What are pretrained models and why are they useful?

Pretrained models are deep learning architectures that have been trained to perform a specific task (for instance, recognizing the breed of a dog in a picture) on a large amount of data. Such training is not easy to perform and it usually requires a lot of resources, way beyond what is available to many of the people who could have a use for a deep learning model.

When talking about pretrained models one usually refers to CNNs (architectures used for vision related tasks) trained on Imagenet. To give you an idea of the size of this dataset, it contains over 14 million images with 1.2 million of them assigned to one of a 1000 categories (around 1 million images also contain bounding box annotations).

So what is a pretrained model? It is a set of weights arrived at at the end of the training. A researcher, or someone implementing their model, will perform the training and share the weights for others to use. Many repositories with weights can be found on github, but probably the easiest way to get a hold of a pretrained model would be directly from within a deep learning library of your choice (pytorch, fastai, tensorflow and keras pretrained models).

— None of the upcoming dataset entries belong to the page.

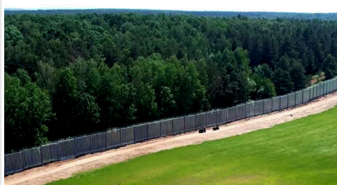
У Польщі від початку року на кордоні з Білоруссю постраждали 63 військових

У Польщі з початку цього року від агресивних дій нелегальних мігрантів, які намагалися проникнути до країни, постраждали 63 військовослужбовці.
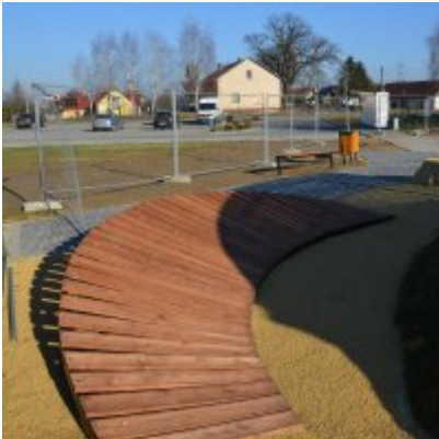
Pumptrack w Palczowicach oddany do użytku.
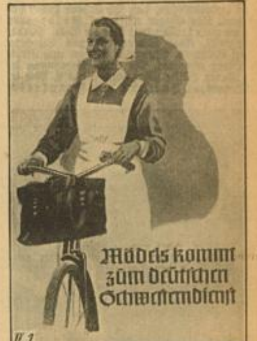
NS-Schwesterenschaft / Deutsches Rotes Kreuz / Reichsbund der Freien Schwestern

Die Reise ist debitsenmäßig gebildet und wird im Rahmen der monatlichen Debitenfreigabe von 10 RM durchgeführt. Der ausführliche Fahrplan ist kostenlos bei der Heidelberger Straßen- und Bergbahn AG., Heidelberg, Bergheimerstraße 4, erhältlich.
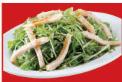
蒸し鶏の和風サラダ 500円(税込)
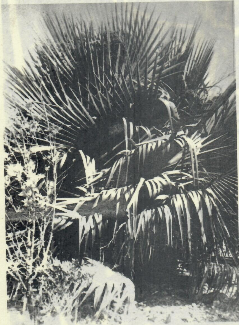
Figura 9. Copernicia cowellii Britt. et Wies.
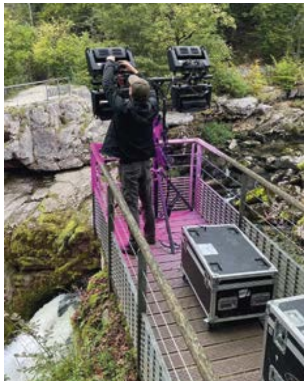
Installation des projecteurs au Saut du Doubs

Grâce à l'implication des bénévoles et des associations locales, le Saut Pink Trail et la Crazy Pink Run , organisée le 14 octobre à Morteau, ont permis de collecter 20 100 euros au profit des associations œuvrant pour la prévention et l'accompagnement des malades.
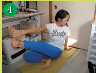
4. さらに息を吐きながら、顔を左側にねじりましょう。この時、両肩が平行に回るようなイメージでねじりを深めていきましょう。そのまま、5呼吸続けましょう。反対側も同様に。
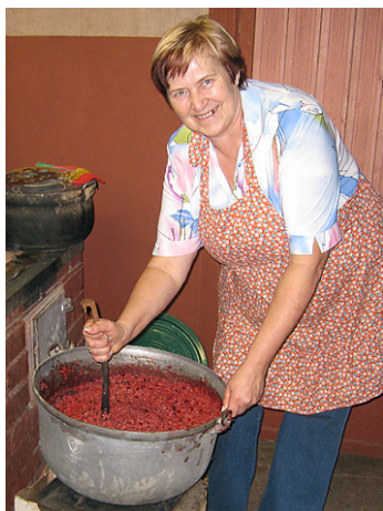
Ligita maisa putru...
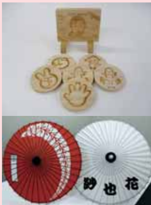
※写真はイメージ図です。
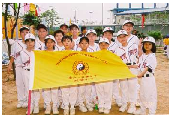
全力以赴，爭取好成績

2002 年 3 月 28、29 日，棒球隊又參加優質教育基金「沙田兒棒精英培訓計劃」邀請賽，與沙田循道衛理小學、馬鞍山循道衛理小學及沙田體育會棒球隊展開激戰，最後獲得亞軍。對於初成立的球隊來說，首年的成績實是一股動力，推動棒球隊繼續努力，爭取好佳績。
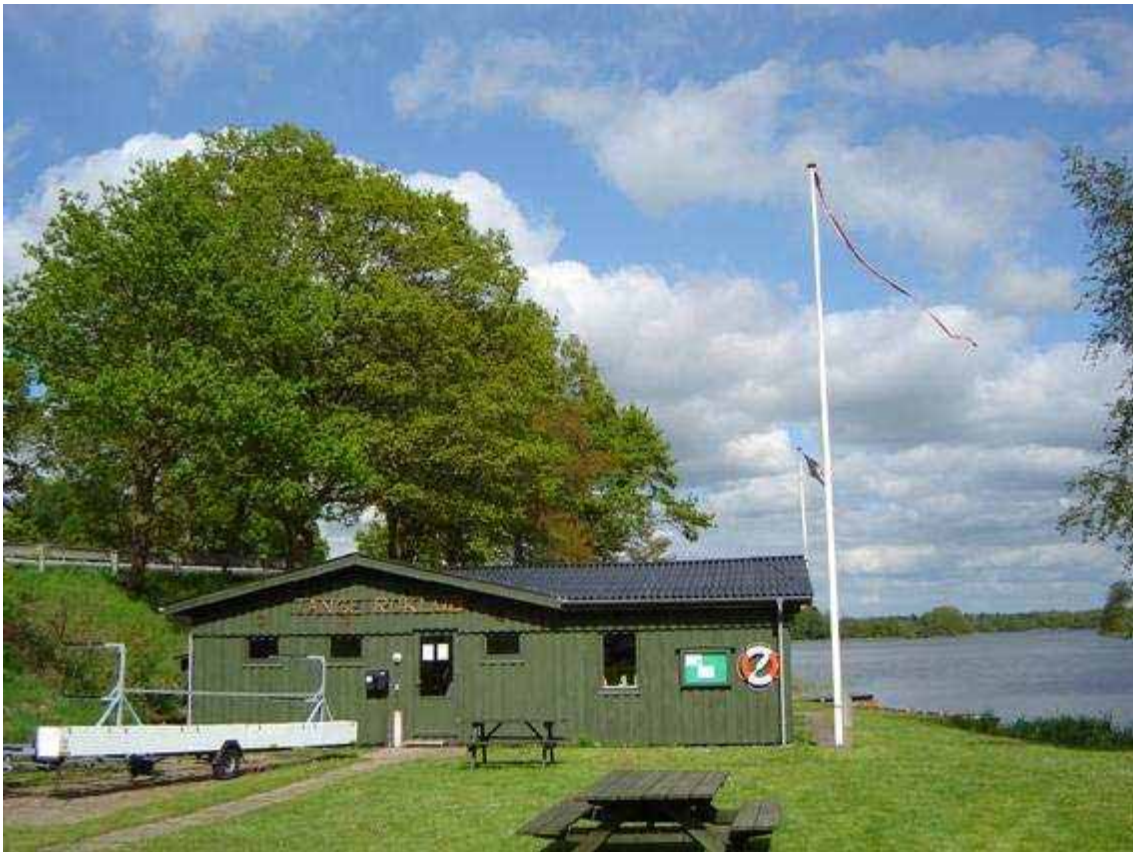
Roklubben I Tange
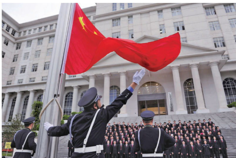
茂名市中级人民法院在 新综合审判楼前举行升 旗仪式
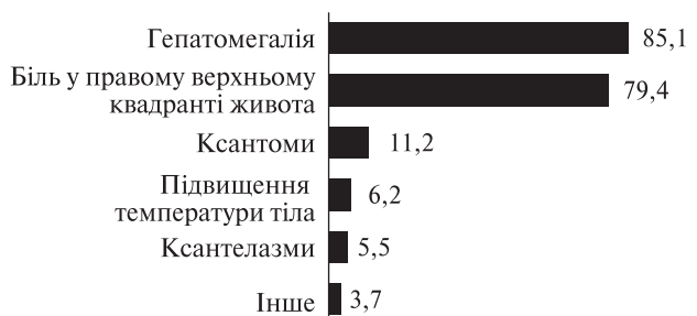
Рис. 3. Дані фізикального обстеження, %
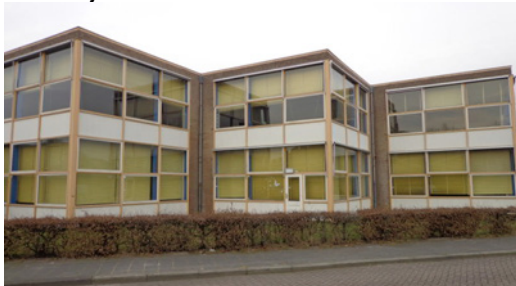
Foto uit 2020 van de voorgevel.

De gevels zijn sober uitgevoerd, zoals dat in die periode gebruikelijk was. Er was maar een beperkt budget voorhanden en alle bouwactiviteiten werden aan strikte voorwaarden en budgetten verbonden. Een school moest zo goedkoop en efficiënt mogelijk gebouwd worden. Deze beperkingen zijn goed zichtbaar in de sobere bouwstijl en de keuze van het materiaal.
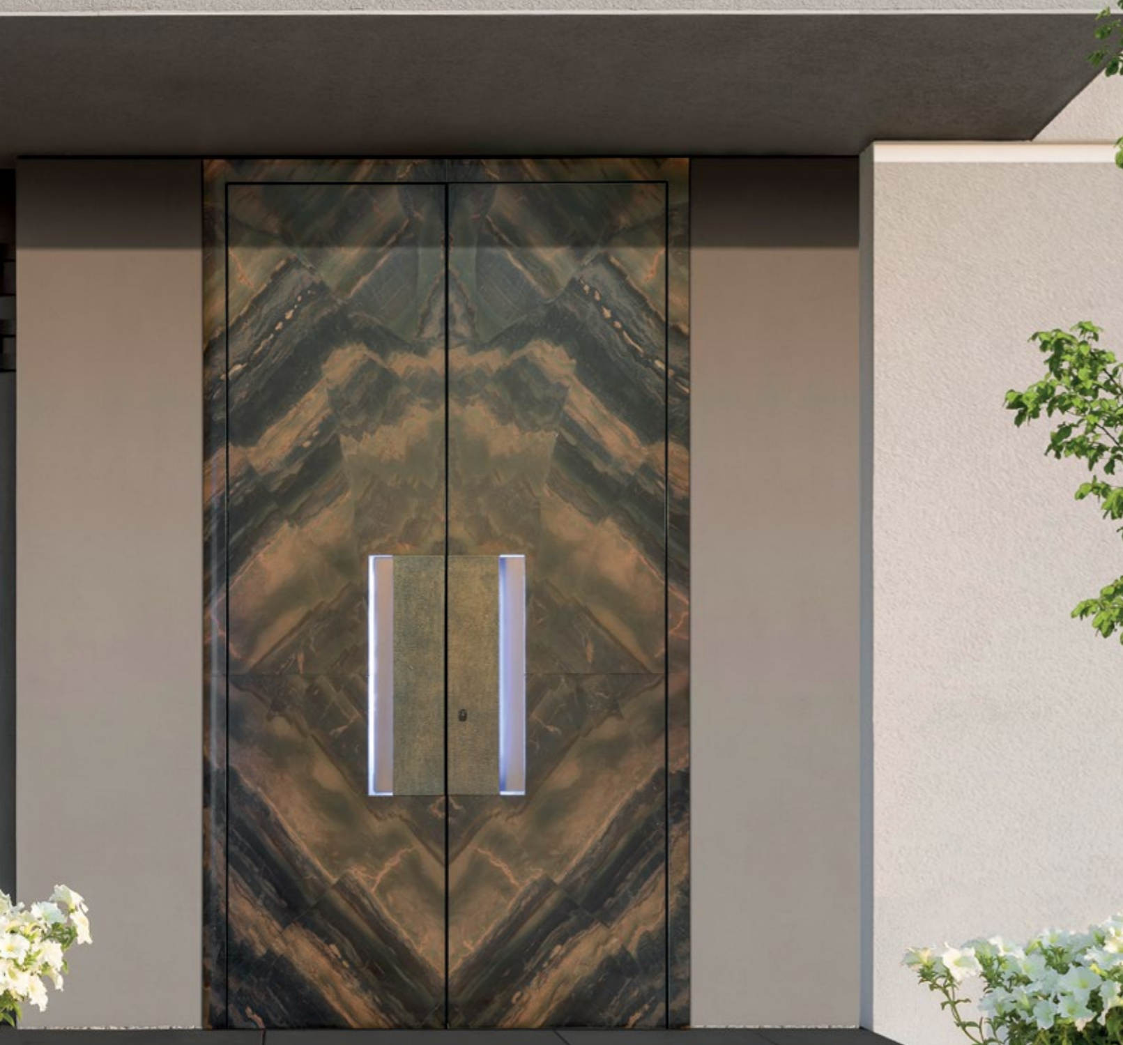
КАМЕНЬ II (КАМЕНЬ, СТЕКЛО ИЛИ КЕРАМИКА – ВОЗМОЖНО ВСЕ)

Now the above is the canonical definition of a pretrained model. This by no means is the complete story. You can also find models pretrained to perform other tasks such as object detection or pose estimation.

Also, quite recently researchers have started to push the boundary on what a pretrained model is. In the context of natural language processing (models that work with text) we have had word embeddings for quite a while now. Word embeddings are representations of words as a bunch of numbers where the idea is that similar words will be represented in a way that is alike in some useful way. For instance, we might hope that the representations of 'hawk', 'eagle', 'blue jay' share some similarities and are dissimilar across some other dimensions. The seminal paper for representing words by vectors was the word2vec and a paper introducing embeddings is one of my favorite papers, originating from the 80s, the kinship paper by Geoffrey Hinton.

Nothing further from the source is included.